In the 2016-17 season Chaz Hudson became Chairman and stand-off Steffan Griffin became Captain. Despite losing out to a strong University 1st XV side after Christmas, some fantastic performances first in the quarter-finals against the Moose, and then a goliath victory against Leeds Medics in the semi-final, with a last minute of extra time penalty from Sam Bourke sending the Club into their first NAMS Final in recent memory. Unfortunately a huge Cardiff Medics side ultimately proved too much on the day, but it was fitting that the 10 leavers from that year all got the opportunity to wear the Griffin with pride in a national final. Special mention must go to Chaz Hudson, who scored nearly 50 tries for the Club despite being a toad. This year also saw a huge increase in the number of players, with two teams comfortably being fielded every week and fantastic flowing rugby constantly being played.

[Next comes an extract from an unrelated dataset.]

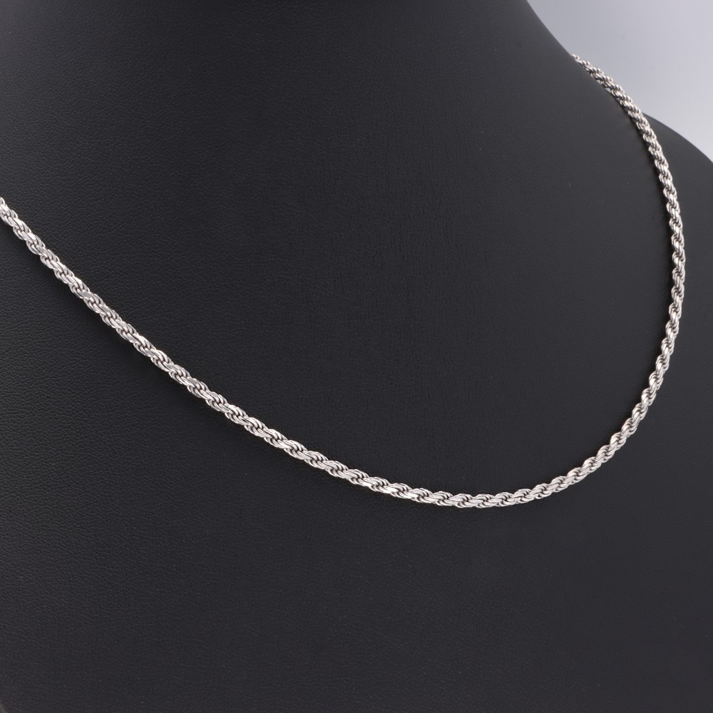 Masszív, tömör, enyhén merev, erős nyaklánc, rhódium bevonattal.

Just prior to start of the 2017–18 season and the 60th anniversary of "The Club",  came the sad news of the passing of old boy Dr Tom Oakland. In response and led by chairman Ronan Yeo, through a variety of fund raising efforts, over £5000 was raised in Tom's memory for C.A.L.M., a mental health charity. Despite a strong momentum of pride in the club during its 60th year, the 1st XV again fell in the semi-finals of the National Cup.

The 2018–19 season saw the opportunity for the 2nd XV to, just as the 1st XV did in their equivalent competition, win the inaugural National Medical Schools Cup. Captain Lewis Turner led a strong performance against Cardiff in the semi-finals, only to see the 2nd XV continue club traditions and crash out at this stage. Aidan Butler oversaw a strong fresher intake and Guy Foggitt was awarded 'Clubman of the year' as a result of his commitment during his five years of service including one and a half as the Airsharks' captain.